## [Work to be completed]
Please restate the data below word for word, omitting all images.

## [Dataset content]

★ ★ ★ ★ ★

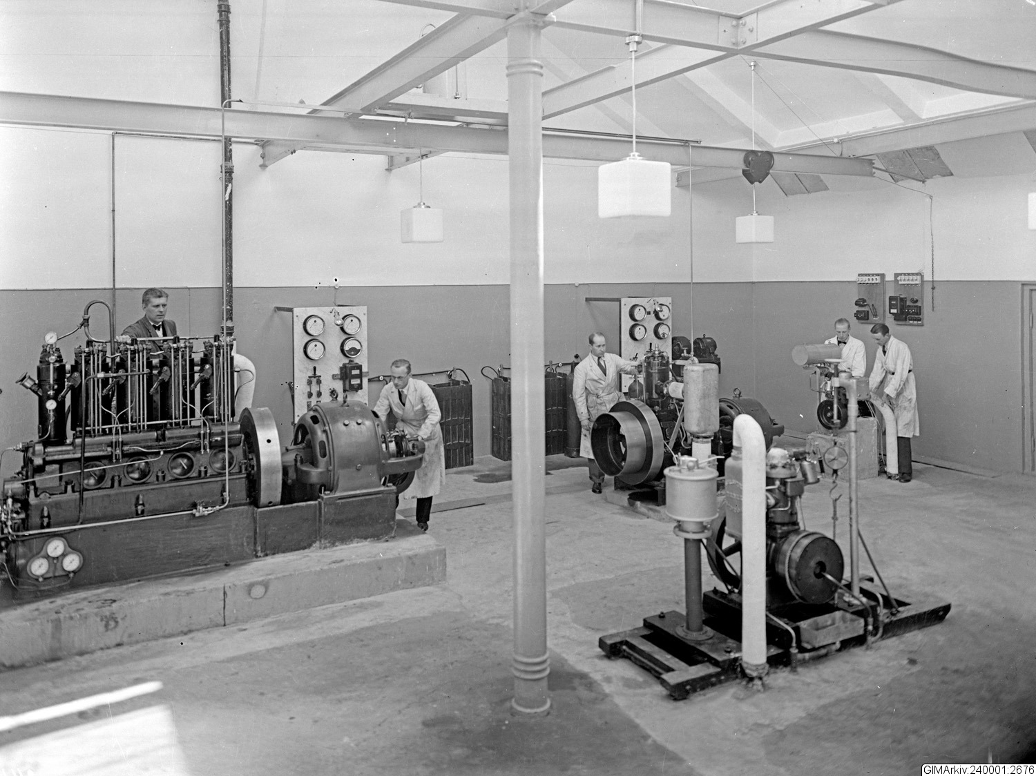 Förvarad i kuvert med texten: "Företag ? Maskinsal. Herrar i rockar. Råoljemotor. tändhulemotor. Chalmers maskinteknik ?"
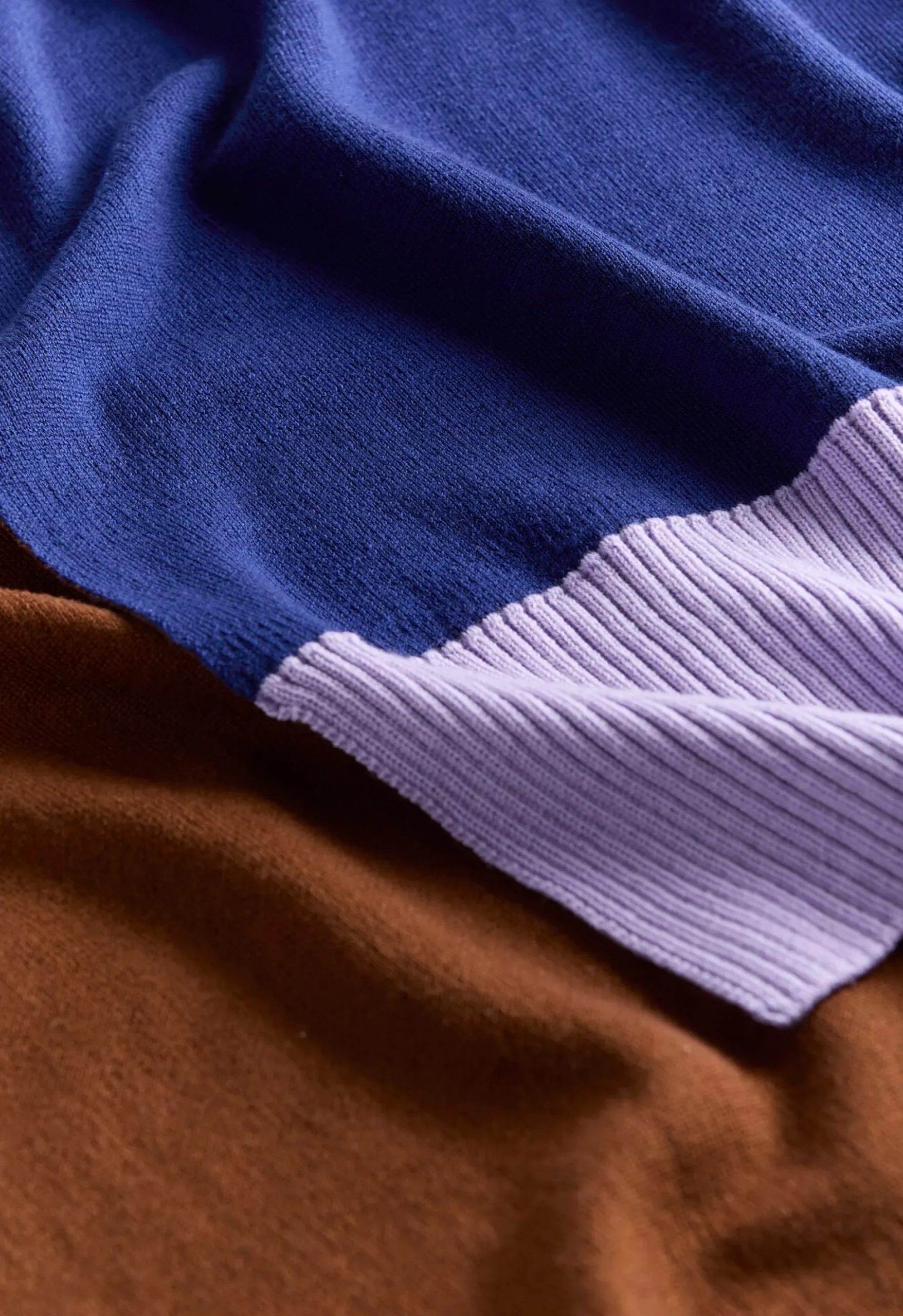 Doppelseitig gestrickte Decke aus 100% Merinowolle in kräftigen Blockfarben – auffällig mit ihren unterschiedlichen Farben auf beiden Seiten, die gekonnt aufeinander abgestimmt sind. Schönes Detail: Das breite Rippbündchen in kontrastierender Farbe ist beiden Seiten gemein. Ideal für einen entspannten Abend zu Hause oder als farbstarkes Detail am Fußende des Bettes.
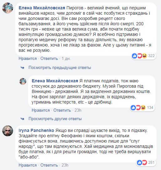 «Пирогов – великий ученый, первым изобрел наркоз, чем помог в свое время избавиться от страданий и чем помогает до сих пор. Он сам разработал рецепт своего бальзамирования, а ученик совершил после его смерти. 200 тысяч гривен – неужели это такая большая сумма, чтобы начать подобную манипуляцию общественным мнением? Я всесторонне поддерживаю и пропагандирую медицинскую реформу и вашу деятельность, которую считаю прогрессивной, хотя и не врач по специальности. Но в этом вопросе – я вас не понимаю», – возмутилась Елена Михайловская.
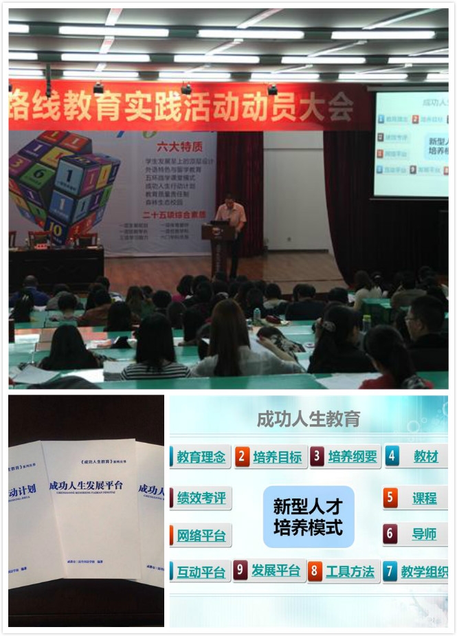 会上,党总支书记、副校长宋伟做了动员讲话,总支委员、副校长伍阳斌做了具体部署。杨能生校长结合学校教育教学实际,以“成功人生教育”为主题进行了新型人才培养模式的解读。杨校长从教育理念、培养目标、培养纲要、教材、课程、导师、教学组织、工具方法、发展平台、互动平台、网络平台、绩效考评12个板块详细解读了成功人生教育的具体操作。强调我校党的群众路线教育实践活动,始终坚持“为民、务实、清廉”为主要内容,着力于”为社会、学生、老师、新都区的教育做什么、办什么样的教育”。“成功人生教育”为帮助家长和学子树立规划意识,做好个体学业设计和个体素质设计规划,提供了科学的诊断工具和方法。学校近期已面向社会举行了4场的“个体发展规划设计”体验公益性活动,已有800余名学子和近1600余名家长参加,受到家长和学生的一致好评。

★ ★ ★ ★ ★

## [Answer to this exercise]
 Förvarad i kuvert med texten: "Företag ? Maskinsal. Herrar i rockar. Råoljemotor. tändhulemotor. Chalmers maskinteknik ?"
 Doppelseitig gestrickte Decke aus 100% Merinowolle in kräftigen Blockfarben – auffällig mit ihren unterschiedlichen Farben auf beiden Seiten, die gekonnt aufeinander abgestimmt sind. Schönes Detail: Das breite Rippbündchen in kontrastierender Farbe ist beiden Seiten gemein. Ideal für einen entspannten Abend zu Hause oder als farbstarkes Detail am Fußende des Bettes.
 «Пирогов – великий ученый, первым изобрел наркоз, чем помог в свое время избавиться от страданий и чем помогает до сих пор. Он сам разработал рецепт своего бальзамирования, а ученик совершил после его смерти. 200 тысяч гривен – неужели это такая большая сумма, чтобы начать подобную манипуляцию общественным мнением? Я всесторонне поддерживаю и пропагандирую медицинскую реформу и вашу деятельность, которую считаю прогрессивной, хотя и не врач по специальности. Но в этом вопросе – я вас не понимаю», – возмутилась Елена Михайловская.
 会上,党总支书记、副校长宋伟做了动员讲话,总支委员、副校长伍阳斌做了具体部署。杨能生校长结合学校教育教学实际,以“成功人生教育”为主题进行了新型人才培养模式的解读。杨校长从教育理念、培养目标、培养纲要、教材、课程、导师、教学组织、工具方法、发展平台、互动平台、网络平台、绩效考评12个板块详细解读了成功人生教育的具体操作。强调我校党的群众路线教育实践活动,始终坚持“为民、务实、清廉”为主要内容,着力于”为社会、学生、老师、新都区的教育做什么、办什么样的教育”。“成功人生教育”为帮助家长和学子树立规划意识,做好个体学业设计和个体素质设计规划,提供了科学的诊断工具和方法。学校近期已面向社会举行了4场的“个体发展规划设计”体验公益性活动,已有800余名学子和近1600余名家长参加,受到家长和学生的一致好评。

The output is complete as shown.